> WHAT IS REQUIRED
What you return should match the data below exactly, with no pictures in it.

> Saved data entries
★ ★ ★ ★
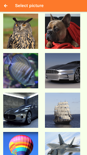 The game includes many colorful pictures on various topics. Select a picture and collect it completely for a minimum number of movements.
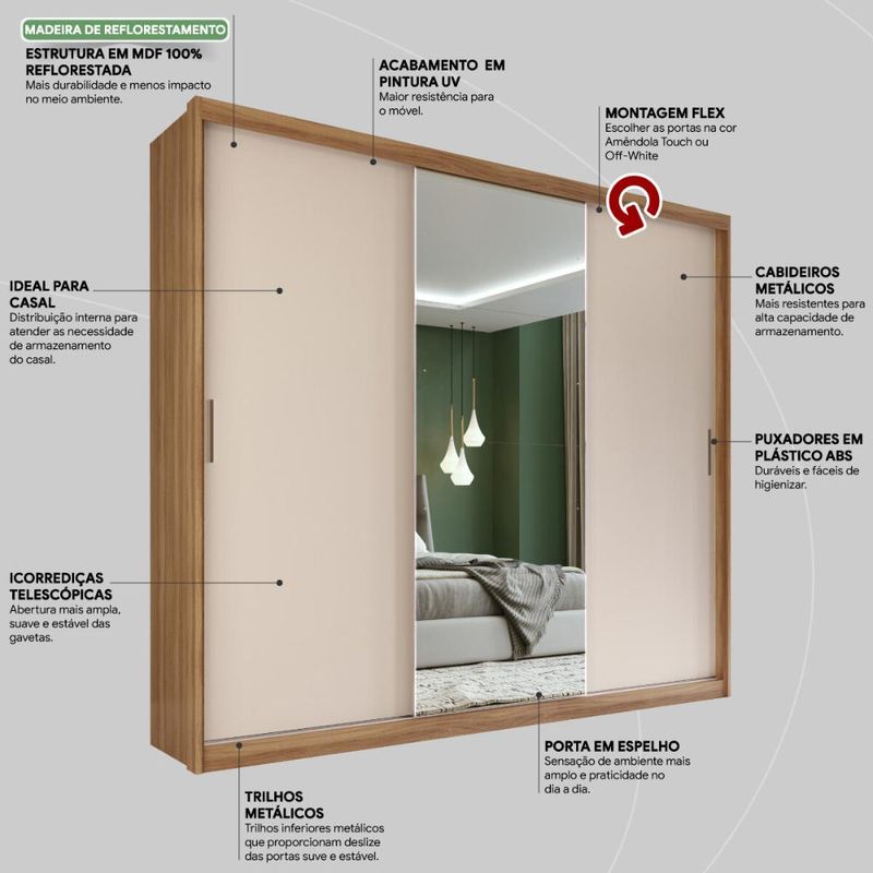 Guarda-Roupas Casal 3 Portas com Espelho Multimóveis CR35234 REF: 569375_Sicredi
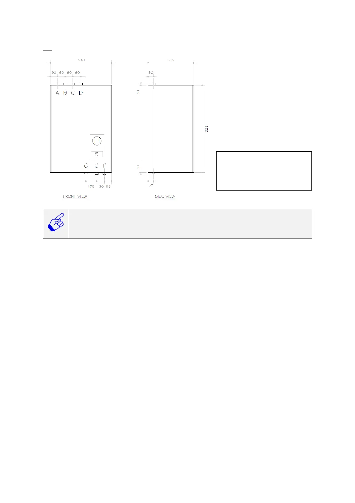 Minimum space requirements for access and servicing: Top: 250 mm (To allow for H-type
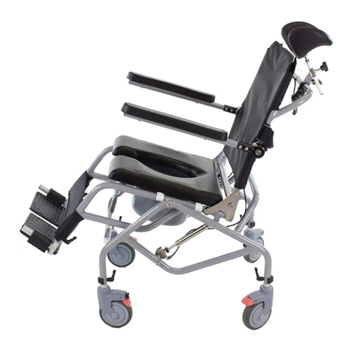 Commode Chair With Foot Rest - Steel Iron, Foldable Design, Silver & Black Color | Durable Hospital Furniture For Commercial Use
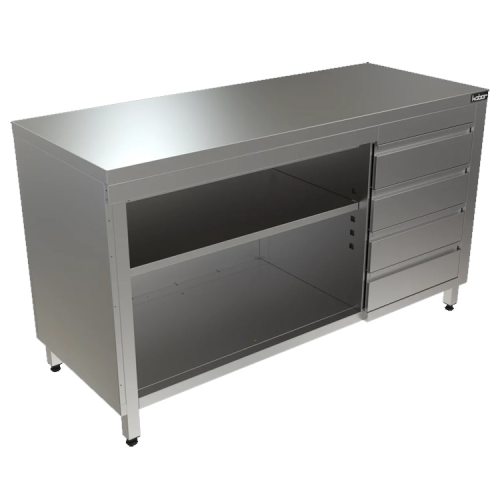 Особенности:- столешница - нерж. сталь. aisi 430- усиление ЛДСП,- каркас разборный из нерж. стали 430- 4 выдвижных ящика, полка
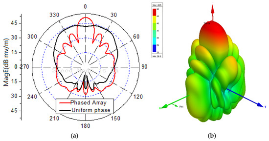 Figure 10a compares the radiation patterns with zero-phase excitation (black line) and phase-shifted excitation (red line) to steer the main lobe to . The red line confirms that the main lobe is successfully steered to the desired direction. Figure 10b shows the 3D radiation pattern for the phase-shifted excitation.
★ ★ ★ ★
> RESULT OF THIS EXERCISE
 The game includes many colorful pictures on various topics. Select a picture and collect it completely for a minimum number of movements.
 Guarda-Roupas Casal 3 Portas com Espelho Multimóveis CR35234 REF: 569375_Sicredi
 Minimum space requirements for access and servicing: Top: 250 mm (To allow for H-type
 Commode Chair With Foot Rest - Steel Iron, Foldable Design, Silver & Black Color | Durable Hospital Furniture For Commercial Use
 Особенности:- столешница - нерж. сталь. aisi 430- усиление ЛДСП,- каркас разборный из нерж. стали 430- 4 выдвижных ящика, полка
 Figure 10a compares the radiation patterns with zero-phase excitation (black line) and phase-shifted excitation (red line) to steer the main lobe to . The red line confirms that the main lobe is successfully steered to the desired direction. Figure 10b shows the 3D radiation pattern for the phase-shifted excitation.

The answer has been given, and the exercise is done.